[RFC PATCH] Documentation: devicetree: add description for generic bus properties

Fri Nov 29 06:58:15 EST 2013

On Thu, Nov 28, 2013 at 04:31:47PM -0700, Jason Gunthorpe wrote:
> On Thu, Nov 28, 2013 at 11:22:33PM +0100, Thierry Reding wrote:
> > On Thu, Nov 28, 2013 at 02:10:09PM -0700, Jason Gunthorpe wrote:
> > > On Thu, Nov 28, 2013 at 09:33:23PM +0100, Thierry Reding wrote:
> > > 
> > > > >   - Describing masters that master through multiple different buses
> > > > > 
> > > > >   - How on Earth this fits in with the Linux device model (it doesn't)
> > > > > 
> > > > >   - Interaction with IOMMU bindings (currently under discussion)
> > > > 
> > > > This is all very vague. Perhaps everyone else knows what this is all
> > > > about, in which case it'd be great if somebody could clue me in.
> > > 
> > > It looks like an approach to describe an AXI physical bus topology in
> > > DT..
> > 
> > Thanks for explaining this. It makes a whole lot more sense now.
> 
> Hopefully the ARM guys concur, this was just my impression from
> reviewing their patches and having recently done some design work with
> AXI..

Yes and no.  We are trying to describe a real topology here, but only
because there are salient features that the kernel genuinely does
need to know about if we want to be able to abstract this kind of thing.

It's not just about AXI.

Things like CCI-400 ("cache coherent interconnect") and its successors 
have real run-time control requirements on each connection to the bus.
(The "port" terminology is used in the CCI documentation, but in any
case the concept of a link between a device and a bus should be a pretty
generic concept, not tied to a specific name or a specific interconnect.)

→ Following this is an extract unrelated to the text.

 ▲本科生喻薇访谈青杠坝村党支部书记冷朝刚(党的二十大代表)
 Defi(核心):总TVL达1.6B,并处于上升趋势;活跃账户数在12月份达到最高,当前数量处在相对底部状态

If I need to turn on the bus interface for device X, in need to know
how to tell the bus which interface to poke -- hence the need for
a "port ID".  Of course, we're free to choose other names.

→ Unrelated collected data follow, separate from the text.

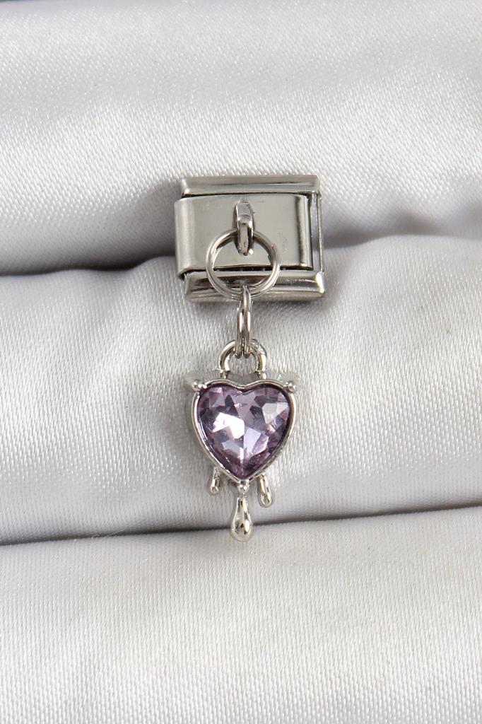316L Çelik Gümüş Renk Mor Kalp Model Nomination Charm - BC1490
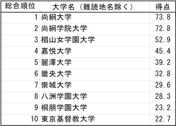 嘉悦大学は11日、「漢字の読みが難しい大学(“難漢”大)調査」の結果を公表した。
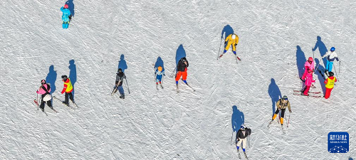 12月6日,滑雪愛好者在黑龍江省亞布力滑雪旅游度假區(qū)雪場體驗(yàn)滑雪(無人機(jī)照片)。(新華社發(fā) 原勇 攝)
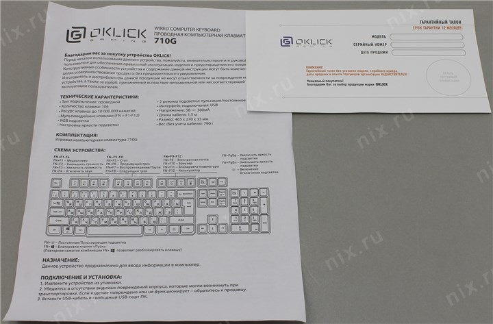 Клавиатура, руководство пользователя, гарантийный талон
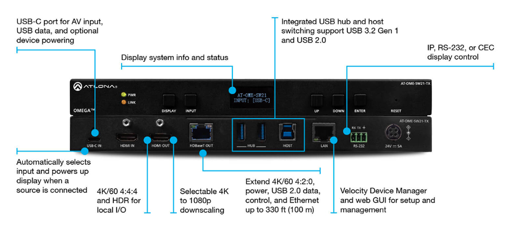 Atlona ha anunciado la disponibilidad del AT-OME-SW21-TX. Un conmutador 2×1 y transmisor HDBaseT con entradas USB-C y HDMI, salidas HDMI y HDBaseT duplicadas y un concentrador USB 3.2 Gen 1.
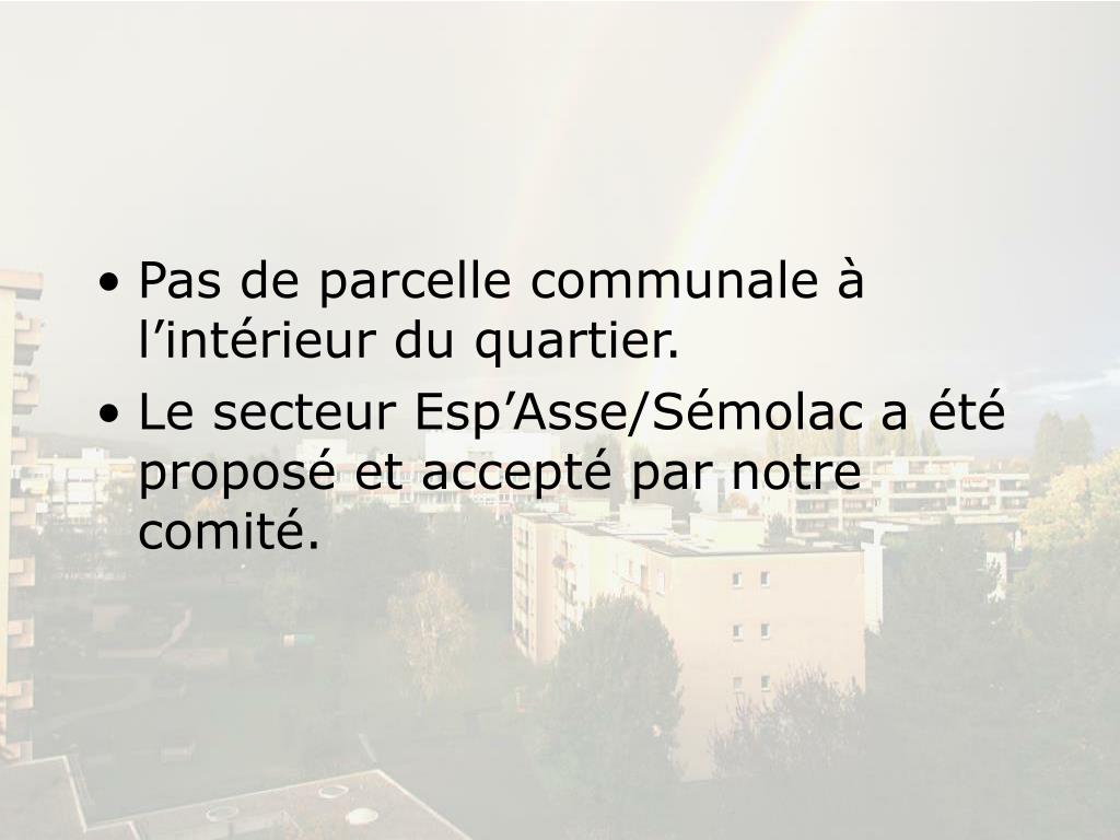 Pas de parcelle communale à l’intérieur du quartier. • Le secteur Esp’Asse/Sémolac a été proposé et accepté par notre comité.

The master-slave link concept is not supposed to be a new concept at
all: DT already has this concept.  All we are aiming to add here is the
ability to describe cross-links that ePAPR cannot describe directly.

> 
> > > axi
> > > {
> > >    /* Describe a DAG of AXI connections here. */
> > >    cpu { downstream = &ax_switch,}
> > >    axi_switch {downstream = &memory,&low_speed}
> > >    memory {}
> > >    dma {downstream = &memory}
> > >    low_speed {}
> > > }
> > 
> > Correct me if I'm wrong, but the switch would be what the specification
> > refers to as "interconnect", while a port would correspond to what is
> > called an "interface" in the specification?
> 
> That seems correct, but for this purpose we are not interested in
> boring dumb interconnect but fancy interconnect with address remapping
> capabilities, or cache coherency (eg the SCU/L2 cache is modeled as
> switch/interconnect in a AXI DAG).

Bear in mind that "fancy interconnect with address remapping
capabilities" probably means at least two independent components on an
ARM SoC.

To avoid excessive code fragmentation we'd want a driver for each, not a
driver per every possible pairing.  The pairing could be different on
every port even in a single SoC, though I hope we will never see that.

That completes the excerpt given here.